With significant numbers of parents found to be going without food and borrowing money to provide for their children, and stark images of deprivation - around one in five parents in poverty said their children go without new shoes when they need them - arising alongside evidence of financial struggle in households well above the poverty bracket, a complex, changing landscape of poverty emerges that goes beyond stereotypes and simple solutions.

The survey questioned over 5,000 parents and 1,500 children from a variety of low- to middle-income households, exploring their experiences of poverty and financial struggle and the effects on mental wellbeing and family life. Taken together with evidence of material deprivation, the report helps build the many-sided, nuanced picture of poverty that we need - one that acknowledges the rise of in-work poverty, and the complex sets of social, material, mental and physical factors that interact to keep many different types of households poor.

The complex nature of poverty as a lived experience is what Demos’ current research on multidimensional poverty measurement aims to capture. This autumn, Demos will publish findings from the research, carried out in conjunction with NatCen, which has identified 16 ‘types’ of poverty including 5 types of child poverty in Britain today – households where certain problems or factors cluster together to present different types of challenges.
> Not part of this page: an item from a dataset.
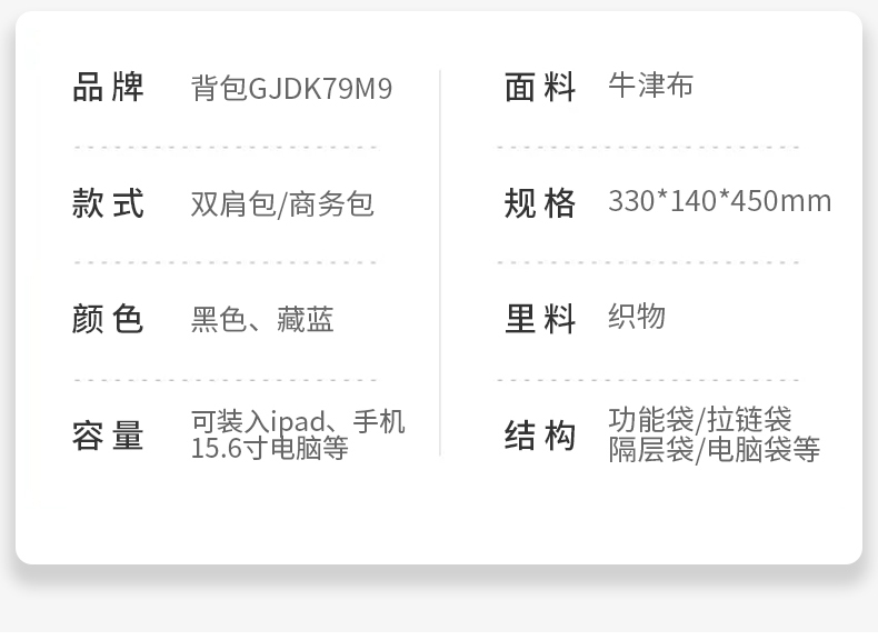 类别:双肩包 颜色:藏蓝色/黑色 面料:织物 里料:织物 闭合方式:拉链 尺寸:330*140*450mm 吊牌价 :530元 包袋大小:中包 适用场景:日常包 适用人群:男女通用

Demos’ 3D Poverty report highlighted the importance of the way poverty is understood in devising ways to tackle it.

By considering a total of 20 indicators of poverty, from physical and mental health, housing and education to community-based factors like neighbourly support and political engagement, the project aims to move away from the standard approach to measuring poverty – households earning under 60 per cent of the median income – which, as the present government has acknowledged, is inadequate as either an explanation or description of poverty, towards a more sophisticated understanding that will inform efforts to improve lives on the ground.

Crucial to communicating the human experience of poverty and gaining public support for these measures are the kind of striking images that arise from Save the Children’s report. Material deprivation is only one aspect of poverty, and it does not explain it, but the findings that 14 per cent of children in poverty say they go without a winter coat, for example, or that 13 per cent have stopped asking their parents for anything at all, are not merely headline-grabbing; they convey the reality of people’s experiences in a way charts and numbers do not.

At the same time, what unites the 16 types of poverty identified by Demos and NatCen and the households in the It Shouldn’t Happen Here report is low income. Save the Children’s call for the government to stick to the 2020 child poverty target, encourage employers to pay the living wage, let parents keep more money before benefits are withdrawn (following the introduction of the Universal Credit)  and provide help with childcare and living costs for low earners acknowledges this, while providing an insight into the complex range of factors on which Demos’ research will focus.

With an estimated 3.5m children currently in poverty in the UK, a figure the IFS has predicted will rise by 400,000 during this Parliament, and the failure of abstract income measures to inform and connect with the public imagination, it is sharp, visual representations of poverty such as the ones in Save the Children’s report that highlight the need for a multidimensional response all the more.